Alien Immigration - Book-keeping Period - Deserted Wives and Families.
Motion (by Mr. Deakin) proposed -
That the House do now adjourn.
– On several occasions myself and other members have brought under the notice of the Prime Minister what may be termed the maladministration of the Immigration Restriction Act. The Prime Minister has always expressed his sympathy with the representations made to him, and promised that for the future the Act would be more carefully administered. I am now credibly informed that there are in the Cairns district for Queensland a number of Chinamen - new chum Chinamen - who have not previously been in the country, and have, therefore, not arrived under permit. I do not know whether it is a fact; but it has been suggested that these men take passages at Hong Kong or travel as stowaways. When the steamer is off Cairns, Port Douglas, or Cooktown, it is said that beche-de-mer boats, or other boats which are hovering about, ostensibly on business, but really for the purpose of landing Chinamen, come alongside in the small hours of the morning, when the. passengers are in their bunks, and very few people about the decks, and the Chinese are then transferred to these small boats. I do not know whether there is any connivance on the part of those on the ship, possibly there is; but. at any rate, I am informed that these Chinamen arc landed at Cairns, also in the small hours, without any difficulty. The men can be taken up the inlet, or landed at the north side of the inlet, where there are plenty of Chinese. In any case, Chinamen are entering the country in this illegal way,, and I ask the Prime Minister what steps he intends to take to prevent these breaches of the law. I admit there may be some difficulty in preventing the landing of these men; but the difficulty ought not to be insurmountable. These men are being landed, not only at Cairns, but at Port Douglas, Cooktown, and other places along this extensive coast. There are no police or police boats to watch vessels which arrive ; but I am sure some satisfactory method could be devised by the Department to prevent this evasion of the Act.

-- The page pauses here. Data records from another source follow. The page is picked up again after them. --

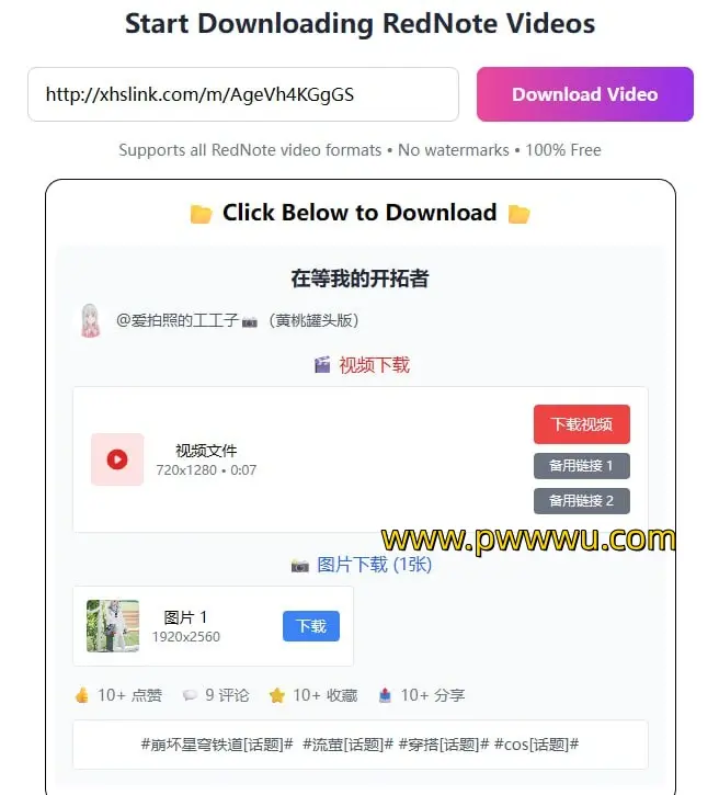 RedNote Video Downloader是您下载小红书视频的强大工具。使用这款应用,您可以轻松保存您喜爱的小红书上的高质量视频。它是一个无需注册、完全免费的应用,适用于所有设备。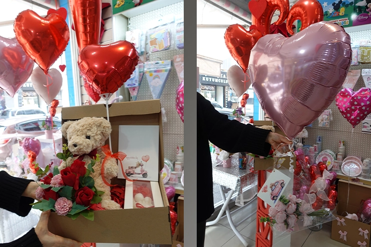 Mağazada Sevgililer Günü teması, ağırlıklı olarak kırmızı ve beyaz renkler ve kalp şeklindeki balon gibi ürünlerle kuruluyor.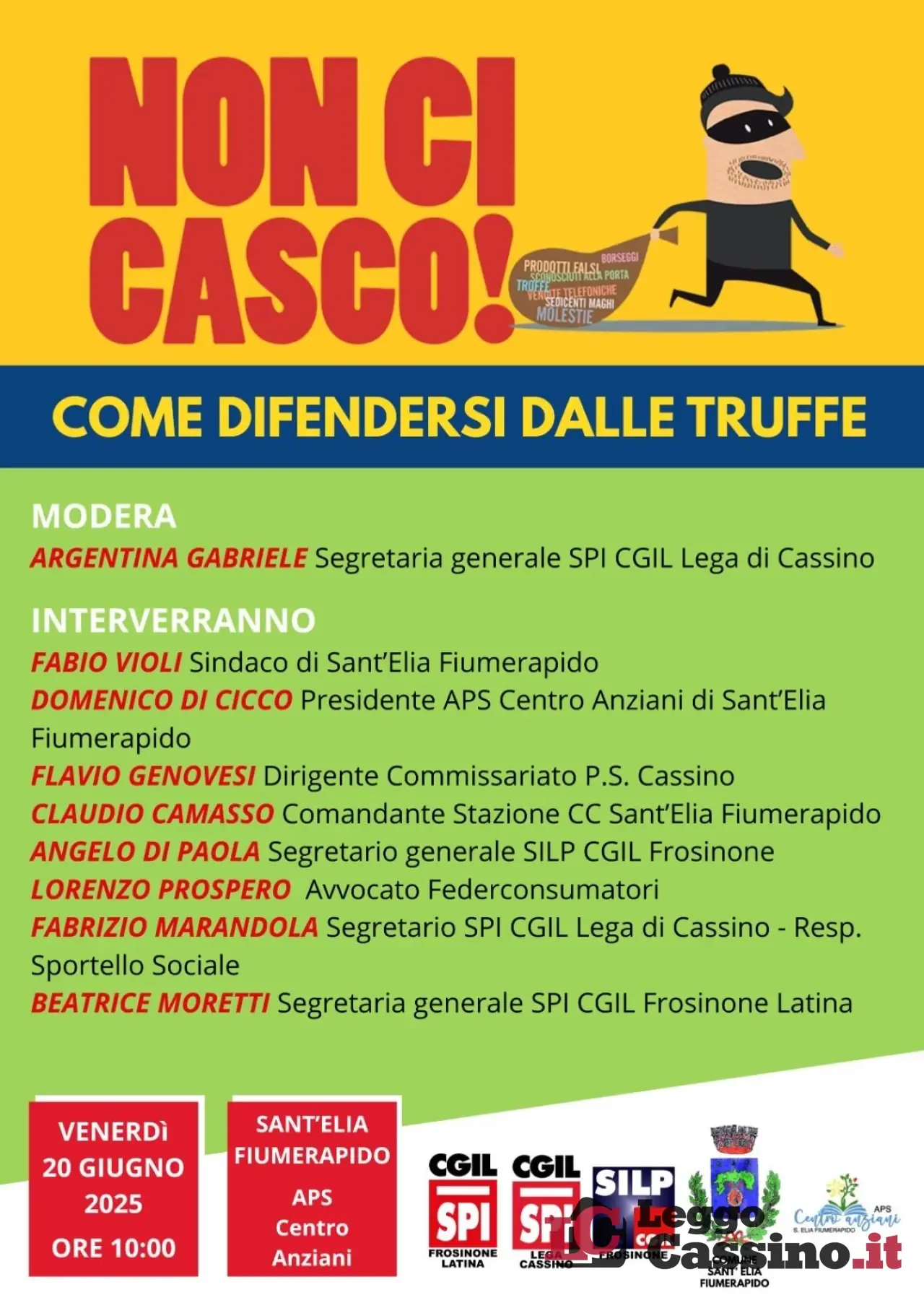 Proprio in questa direzione va il convegno che si terrà venerdì 20 giugno, alle ore 10, presso il centro anziani di Sant’Elia Fiumerapido, organizzato dallo SPI CGIL di Cassino, in collaborazione con la segreteria provinciale del SILP CGIL, sul fenomeno delle truffe. L’evento è patrocinato dal Comune di Sant’Elia Fiumerapido.

– I beg to emphasize what the honorable member has said. During my recent trip to Queensland I found a very general impression, not only amongst the townspeople, but amongst the planters, that there was some back-door passage for Chinese. In view of the strenuous White Australia policy which the Prime Minister has just indicated, I direct his attention to the Alien Immigration Act of Cape Colony, which has received the assent of the London Colonial Office. In that Act there is a provision under which every Chinaman in the Colony has to possess a yearly registration ticket, and that has to be produced when called for, showing last year’s signature of a resident magistrate. This is not a matter” of taxation ; but a means of preventing a dangerous influx of Chinese to Cape Colony, in view of the importation of Chinese to the Transvaal. I have had a copy of this Act, with its regulations, sent to me, and I shall be pleased if the Prime Minister can see his way to adopt a similar means of preventing the influx of Chinese to the Commonwealth.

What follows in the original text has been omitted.